Fox Chase Cancer Center
Project Term: July 1, 2022 - June 30, 2027
My lab is focused on the immune regulatory mechanisms and ubiquitin-dependent machinery in lymphoma. We have established multiple high-throughput screening technologies and animal models to rapidly and accurately identify critical pathways that are suitable for targeted therapy and immunotherapy. Gaining insight into the pathological roles of these pathways can lead to improved understandings of the molecular circuitry that drives lymphoma pathogenesis and provide novel therapeutic strategies.
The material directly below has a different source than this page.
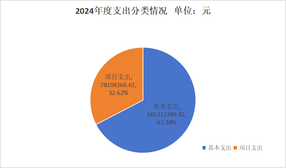 bevictor伟德国际1946官网2024年度支出合计239415656.03元。其中:基本支出161311389.42元,占总支出的67.38%;项目支出78104266.61元,占总支出的32.62%;无上缴上级支出;无经营支出;无对附属单位补助支出。
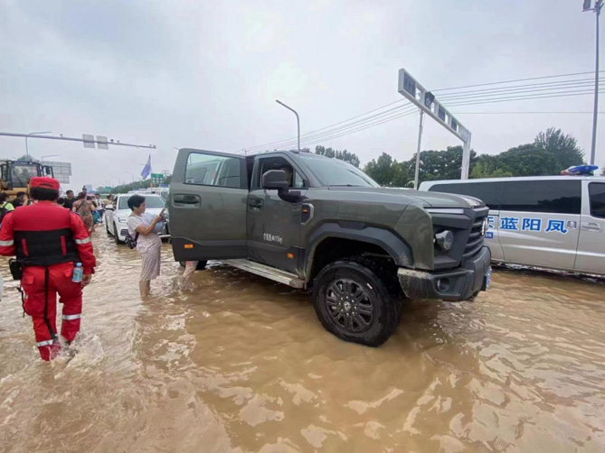 当京津冀地区汛情来临时,东风越野车也即刻派出东风猛士MS600驰援华北等地灾区。作为轻型高机动军用越野车,东风猛士MS600既能在内涝中运送受困群众,又能为普通救援车辆提供拖车服务,在北京门头沟及河北涿州等受灾严重地区,切实守护着群众的生命安全。

Lymphoma typically occurs in mature and older adults, but it is actually the third most common form of cancer in children aged 0 to 14, and is the most common group of cancers in teenagers and young adults. Among lymphoma subtypes, Anaplastic large cell lymphoma (ALCL) comprises 10-15% of pediatric lymphomas, and Hodgkin lymphoma (HL) is the most common (6,000 to 7,000 new cases per year) cancers in young adulthood, representing about 1 in 6 of all cancers affecting young people between 15 and 24 years old. Although there has been significant progress in treating ALCL and HL over the last few decades, the survival rate for patients diagnosed at an advanced stage or with relapsed/refractory disease remains low. Thus, there is a need to develop novel, preferably small molecule-based targeted therapies or immunotherapies for these lymphoid malignancies. A major barrier to this goal is the lack of a systematic and comprehensive understanding of the deep molecular characteristics of ALCL and HL pathology, which is clearly needed to identify critical therapeutic vulnerabilities. My research mainly focuses on using unbiased genetic screen technologies to address these unresolved questions, to gain a complete understanding of how the specific genes and pathways regulate ALCL and HL pathogenesis. We are particularly interested in the pathways of immune regulatory and ubiquitination (a form of protein modification), oncogenes, and tumor-suppressors required for lymphoma pathogenesis and immunotherapy. We have established to use multiple high-throughput screening technologies, clinical samples, and animal models to rapidly and accurately identify critical pathways suitable for targeted therapy and immunotherapy. We hope these studies will form the basis for clinical trials that can be opened at our Cancer Center. Therefore, we have the unique opportunity to exploit the full spectrum of “translational research”, from “big data” (high-throughput technologies), to patient specimens, animal models, and mechanistic biochemical analyses, eventually leading to novel therapeutic interventions. Gaining insight into the answers to these essential unresolved questions can lead to improved understanding of the cornerstone pieces of scientific knowledge and high-quality publications, and provide novel intervention strategies for targeted therapy and immunotherapy in these unique groups of lymphoid malignancies.